**Task:** Should a picture appear anywhere in the data, omit it and copy everything else exactly.

**Dataset excerpt:**
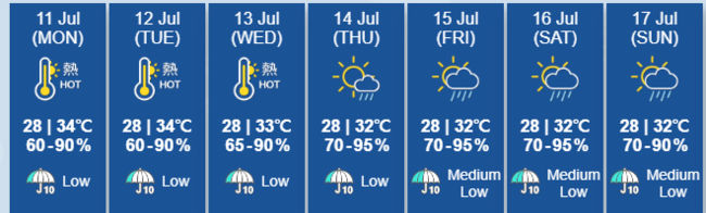 천문대에 따르면 이번 주 며칠 간은 매우 화창하고 매우 덥다가 주말 경에는 저기압의 영향으로 소나기가 내릴 것으로 예상된다. 어제 오후 3시 경에는 최고 34.2도까지올라가 매우 더웠다. 성수 지역은 최고 36.5도까지 올라갔으며 타이렁 지역도 35도까지 올라가 매우 더운 하루였다. 오늘도 최고 34도로 매우 무더울 것으로 예상된다.. 무더운 날씨에 물을 자주 마시고 외부활동 시 주의해야 한다.
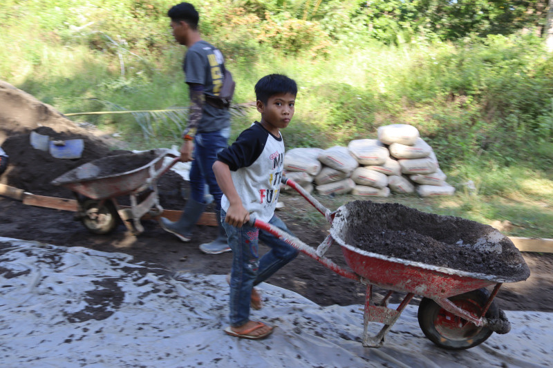 Anak Kecil tak Ketinggalan ikut Membantu Satgas TMMD Ke-121 Kodim 0612/Tsm dalam Pengecoran jalan di desa Pangliaran kec.Pancatengan kab. Tasikmaya
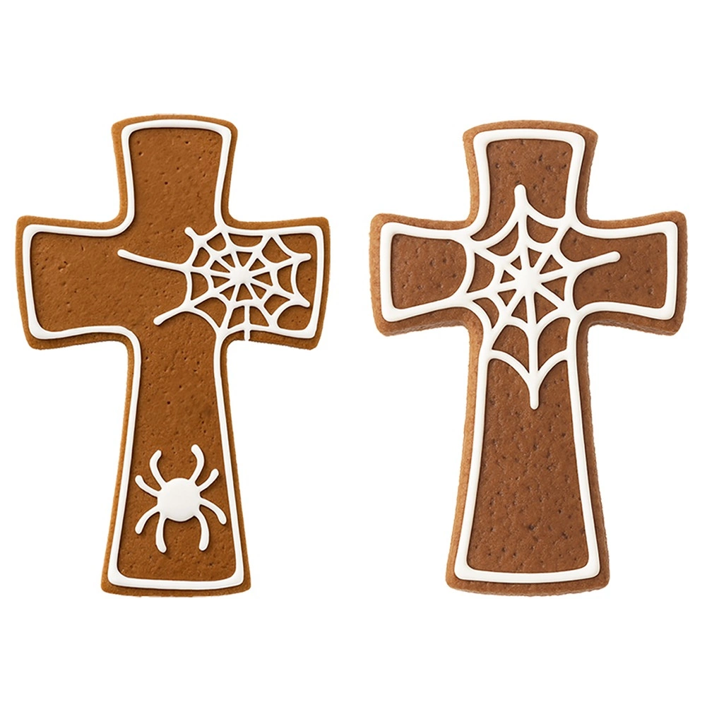 Fedezze fel a sokoldalú, kereszt alakú kiszúrót, amellyel gyönyörű mézeskalácsokat, kekszeket és fondant díszeket készíthet tortákhoz. A rozsdamentes acél hosszú élettartamot, sima vágást és egyszerű karbantartást biztosít – csak tegye a mosogatógépbe.
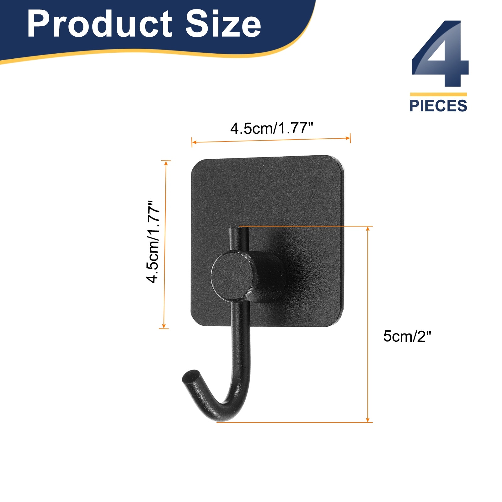 Self Adhesive Towel Hooks, Metal Square Bend Sticky Hooks for Home - 4Pcs

**Task output:**
 천문대에 따르면 이번 주 며칠 간은 매우 화창하고 매우 덥다가 주말 경에는 저기압의 영향으로 소나기가 내릴 것으로 예상된다. 어제 오후 3시 경에는 최고 34.2도까지올라가 매우 더웠다. 성수 지역은 최고 36.5도까지 올라갔으며 타이렁 지역도 35도까지 올라가 매우 더운 하루였다. 오늘도 최고 34도로 매우 무더울 것으로 예상된다.. 무더운 날씨에 물을 자주 마시고 외부활동 시 주의해야 한다.
 Anak Kecil tak Ketinggalan ikut Membantu Satgas TMMD Ke-121 Kodim 0612/Tsm dalam Pengecoran jalan di desa Pangliaran kec.Pancatengan kab. Tasikmaya
 Fedezze fel a sokoldalú, kereszt alakú kiszúrót, amellyel gyönyörű mézeskalácsokat, kekszeket és fondant díszeket készíthet tortákhoz. A rozsdamentes acél hosszú élettartamot, sima vágást és egyszerű karbantartást biztosít – csak tegye a mosogatógépbe.
 Self Adhesive Towel Hooks, Metal Square Bend Sticky Hooks for Home - 4Pcs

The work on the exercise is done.